Tous les aspects d´un complot
La déclaration franco-espagnole paraît séduisante puisqu´elle prétend apporter une contribution à une solution «juste et durable» au conflit sahraoui qui traîne depuis plus de 35 ans. Dans sa formulation, cette initiative prétend donc partir d´une bonne intention. Il se trouve cependant que ni Mme Trinidad Jimenez ni Mme Alliot-Marie ne présentent un visage net dans cette démarche qui a du mal à cacher les aspects d´un complot.
La chef de la diplomatie espagnole est déjà connue dans son pays pour faire partie aux côtés de son prédécesseur à ce poste, Miguel Angel Moratinos, dont elle suit la voie diplomatique tracée pour le Sahara, du premier cercle du lobby espagnol pro-marocain. Quant à Mme Alliot-Marie, sa seule fonction de ministre des Affaires étrangères de la France la disqualifie pour jouer quelque rôle positif dans le conflit du Sahara occidental.

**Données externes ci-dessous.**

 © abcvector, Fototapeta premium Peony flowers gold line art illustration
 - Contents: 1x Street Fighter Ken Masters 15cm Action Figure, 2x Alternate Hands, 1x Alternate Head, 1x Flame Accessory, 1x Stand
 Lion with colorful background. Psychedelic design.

N´est-ce pas le gouvernement socialiste du président José Luis Zapatero qui a, dès son installation officielle en avril 2004, entrepris d´encourager le Maroc dans son rejet de toute solution «juste et définitive» basée sur la tenue d´un référendum d´autodétermination pour l´ancienne colonie espagnole !
«Le référendum n´est pas la seule technique pour la mise en œuvre du droit à l´autodétermination», dira Miguel Angel Moratinos sitôt installé, en 2004, dans ses fonctions de ministre des Affaires étrangères de Zapatero. Pour lui, ni le Plan de règlement de l´Onu de 1991, ni le Plan Baker ne sont des «textes sacrés».

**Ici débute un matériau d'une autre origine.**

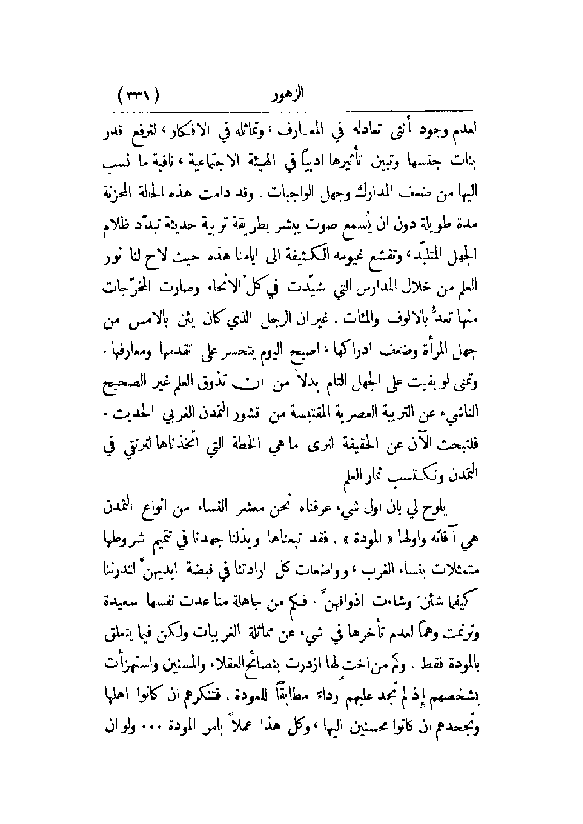 لعدم وجود أنثى تعادله في المعارف، وتماثله في الأفكار، لترفع قدر بنات جنسها وتبين تأثيرها أدبياً في الهيئة الاجتماعية، نافية ما نسب إليها من ضعف المدارك وجهل الواجبات. وقد دامت هذه الحالة المحزنة مدة طويلة دون أن يسمع صوت يبشر بطريقة تربية حديثة تبدد ظلام الجهل المتلبد. وتقشع غيومه الكثيفة إلى أيامنا هذه حيث لاح لنا نور العلم من خلال المدارس التي شيدت في كل الأنحاء وصارت المخرجات منها تعد بالألوف والمئات. غير أن الرجل الذي كان يئن بالأمس من جهل المرأة وضعف إدراكها، أصبح اليوم يتحسر على تقدمها ومعارفها. وتمنى لو بقيت على الجهل التام بدلاً من أن تذوق العلم غير الصحيح الناشئ عن التربية العصرية المقتبسة من قشور التمدن الغربي الحديث. فلنبحث الآن عن الحقيقة لنرى ما هي الخطة التي اتخذناها لنرتقي في التمدن ونكتسب ثمار العلم.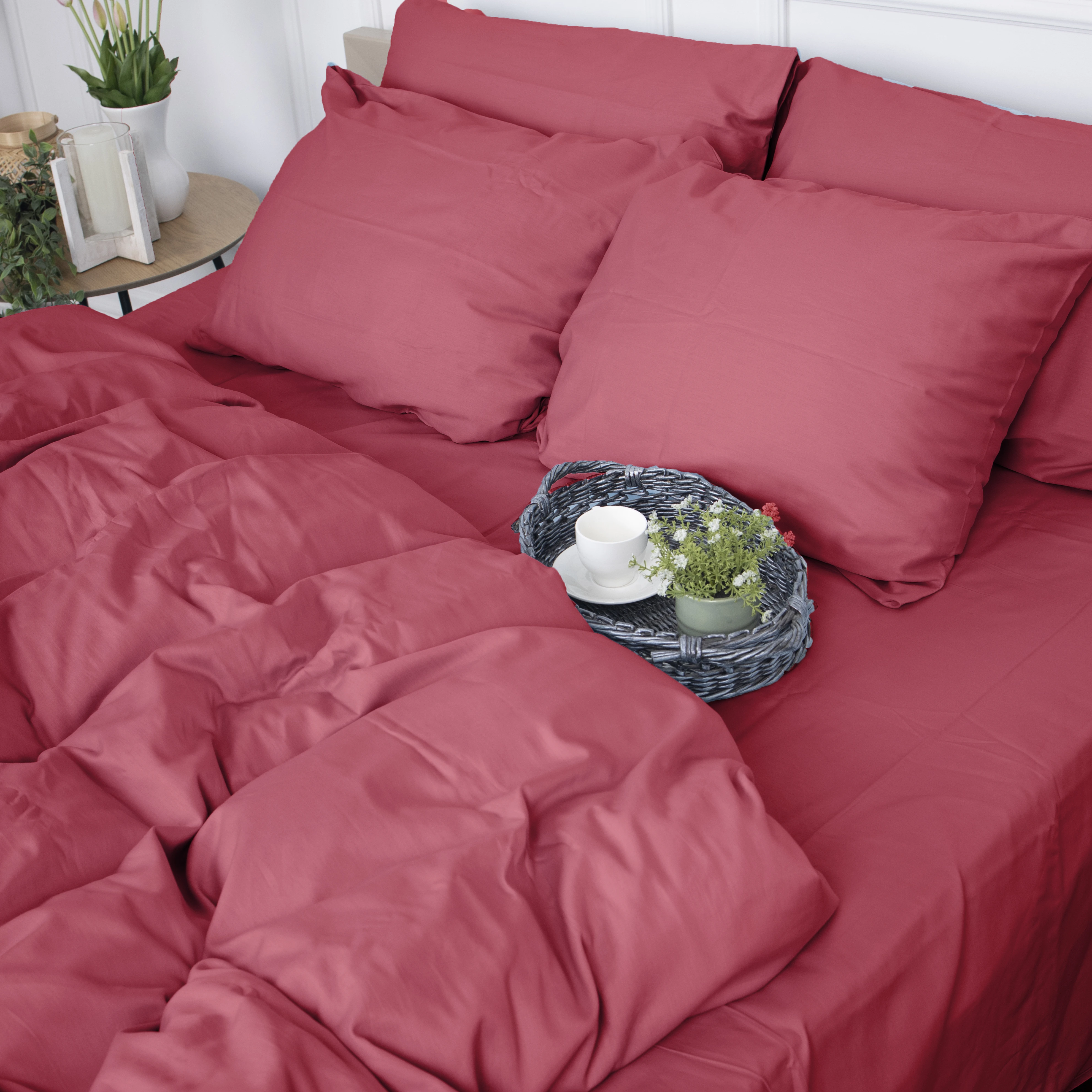 Простынь на резинке Сатин "0847 Tomato" высота 25 см (детские 10 см)

Il a tout dit. Durant six ans, ce diplomate chevronné a encouragé le Maroc à camper dans sa position de refus de la solution préconisée par les Nations unies et a, dit-on, inspiré la solution d´autonomie, calquée sur le modèle des autonomies en Espagne. A son départ du gouvernement, en octobre dernier, son regret a été, dit-il, de « n´avoir pas vu s´instaurer la paix au Sahara occidental». Par paix, il entend «un Sahara occidental pacifié et intégré au Maroc».
La France disqualifiée
C´est exactement la solution que défend la France depuis le partage du territoire sahraoui – sous les manœuvres de l´ex-président Valéry Giscard d´Estaing – le 14 novembre 1975. Davantage encore que Madrid, sous Zapatero, Paris ne peut pas être un partenaire impartial dans la recherche d´une solution juste au conflit sahraoui.
Le président Mohamed Abdelaziz a dénoncé, en avril 2010, l´attitude franchement pro-marocaine de la France dans le Conseil de sécurité en la qualifiant de principal facteur de blocage d´une solution au conflit sahraoui basée sur le respect du droit à l´autodétermination, dans le cadre de l´Onu.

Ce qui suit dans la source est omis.